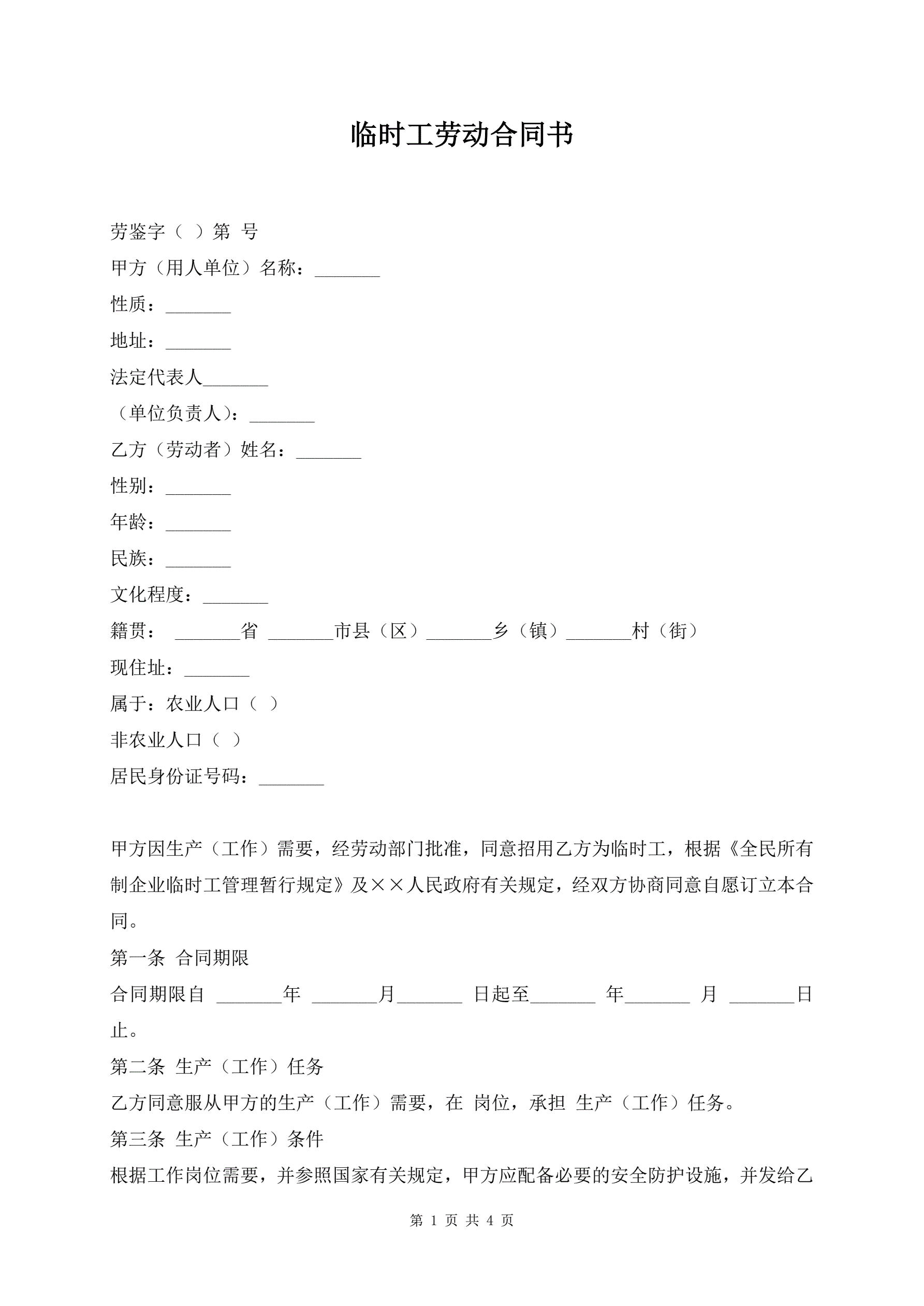临时工劳动合同书
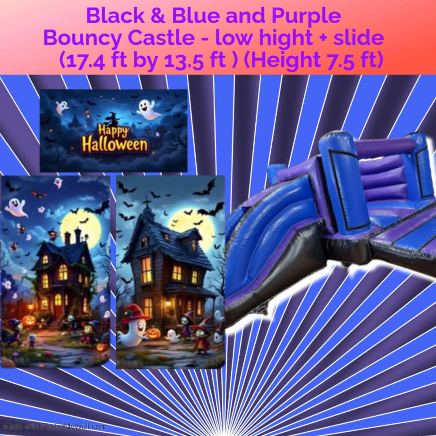 The Purple & Blue Castle with low slide (14ft by 18ft) - Christening theme brings soft, celebratory charm to your celebration. This inflatable bounce house blends a gentle Christening aesthetic with playful design. It features a safe low slide for toddlers and young children. Bright purple and blue colors create a joyful backdrop for photos and memories. Ideal for christenings, baby showers, and family parties. πΆβ¨
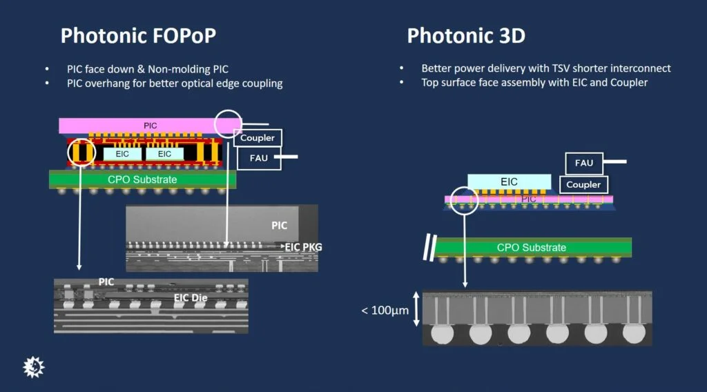 CPO 组装涉及激光器、光学组件、FAU、不同工艺节点的硅基 IC 等多类器件,流程极其精密,尤其是 EIC 与 PIC 的集成。实现更高带宽密度主要有两条技术路线:Photonic FOPoP将 PIC 置于 EIC 上方,采用晶圆级扇出工艺与铜柱实现垂直互联。Photonic 3D将 PIC 置于下方,通过硅通孔(TSV)连接顶部的 EIC。该方案散热更优,支持单通道速率超过 200G,是高性能场景的首选方案。
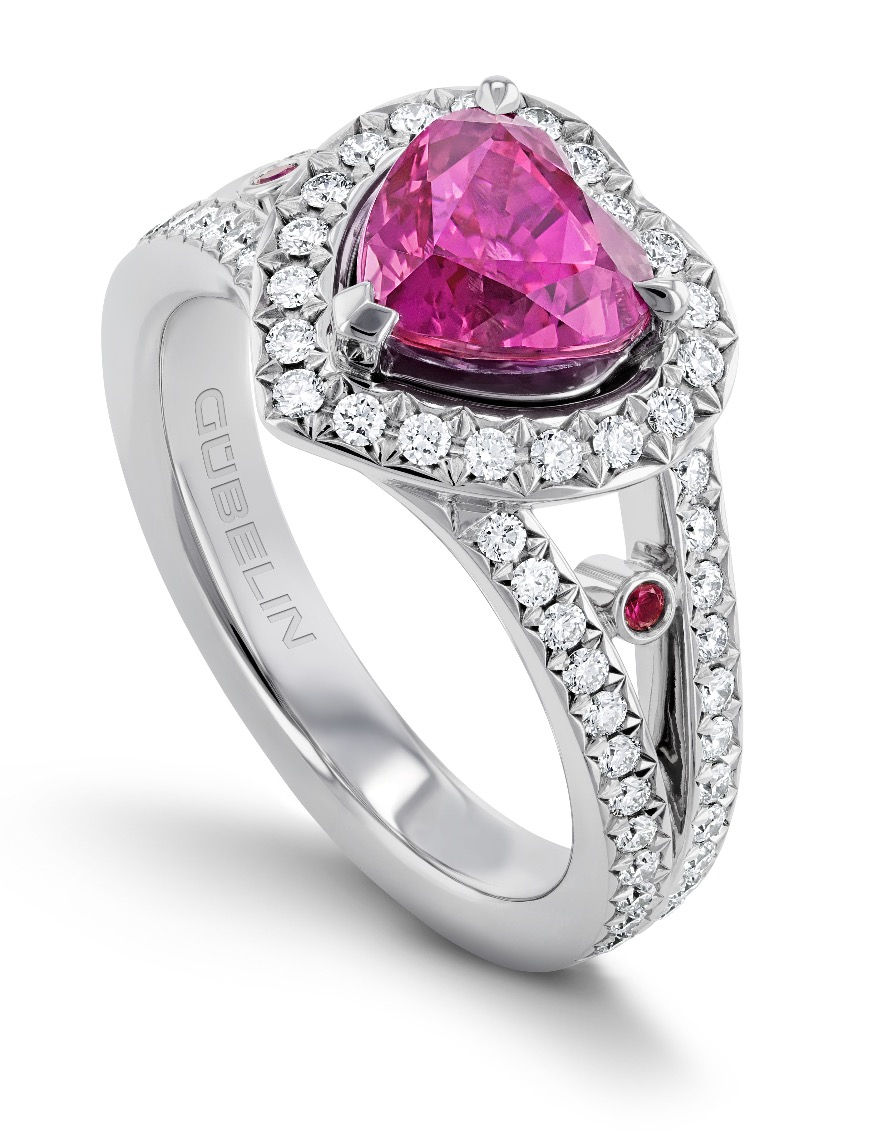 Die Gübelin Designer haben sich für die Linie «Sparks of Fire» von den spektakulären Farben, Formen und Funken in einem Rubin inspirieren lassen. Diese Einschlüsse erinnern an ein farbenprächtiges Feuerwerk. Die inneren Merkmale in diesem Rubin erzeugen ein raffiniertes Lichtspiel, das eine farbenfrohe Komposition von Interferenzfarben entstehen lässt, wie ein Regenbogen aus lauter Funken.
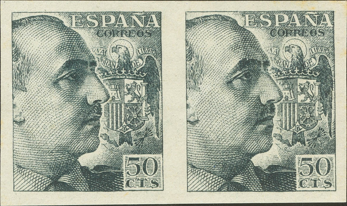 ★★ 1053s(2). 1949. 50 cts gray blue, pair. WITHOUT TOOTH. MAGNIFICENT AND UNCATALOGED. Cert. COMEX.
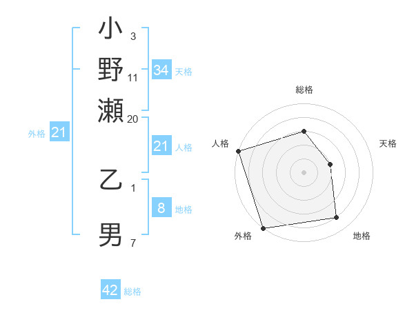 小野瀬 乙男さんの外格は21画の5点!
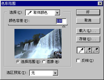 在合成过程中,我们通常需要几幅图片的某一局部,于是对图像的选取就不可避免了。常用的选取方法有多种(魔术棒、选框工具、套索工具、选择菜单中的色彩范围命令均可),魔术棒工具较适用于选择成块的色素,选框工具较适用于框定规则的形状,套索工具与其相反,用来选取不规则的形状,下面我们介绍使用色彩范围命令完成对瀑布的选定。首先激活“B图”,执行选择菜单中的“色彩范围”命令,选择“图像”单选按扭,我吸管点取瀑布的白色部分,再选择“选择范围”单选按扭,调整颜色容差值,使瀑布的大部分被选中,单击好,完成选取的第一步。(如图)
──────────
• **DIRECTIONS FOR THIS TASK**
Copy exactly the lines that begin at the one containing "CPO 组装涉及激光器、光学组件、FAU、不同工艺节点的硅基 IC" and end at the last line of the records, both included, omitting the pictures.

• **TASK ANSWER**
 CPO 组装涉及激光器、光学组件、FAU、不同工艺节点的硅基 IC 等多类器件,流程极其精密,尤其是 EIC 与 PIC 的集成。实现更高带宽密度主要有两条技术路线:Photonic FOPoP将 PIC 置于 EIC 上方,采用晶圆级扇出工艺与铜柱实现垂直互联。Photonic 3D将 PIC 置于下方,通过硅通孔(TSV)连接顶部的 EIC。该方案散热更优,支持单通道速率超过 200G,是高性能场景的首选方案。
 Die Gübelin Designer haben sich für die Linie «Sparks of Fire» von den spektakulären Farben, Formen und Funken in einem Rubin inspirieren lassen. Diese Einschlüsse erinnern an ein farbenprächtiges Feuerwerk. Die inneren Merkmale in diesem Rubin erzeugen ein raffiniertes Lichtspiel, das eine farbenfrohe Komposition von Interferenzfarben entstehen lässt, wie ein Regenbogen aus lauter Funken.
 ★★ 1053s(2). 1949. 50 cts gray blue, pair. WITHOUT TOOTH. MAGNIFICENT AND UNCATALOGED. Cert. COMEX.
 小野瀬 乙男さんの外格は21画の5点!
 在合成过程中,我们通常需要几幅图片的某一局部,于是对图像的选取就不可避免了。常用的选取方法有多种(魔术棒、选框工具、套索工具、选择菜单中的色彩范围命令均可),魔术棒工具较适用于选择成块的色素,选框工具较适用于框定规则的形状,套索工具与其相反,用来选取不规则的形状,下面我们介绍使用色彩范围命令完成对瀑布的选定。首先激活“B图”,执行选择菜单中的“色彩范围”命令,选择“图像”单选按扭,我吸管点取瀑布的白色部分,再选择“选择范围”单选按扭,调整颜色容差值,使瀑布的大部分被选中,单击好,完成选取的第一步。(如图)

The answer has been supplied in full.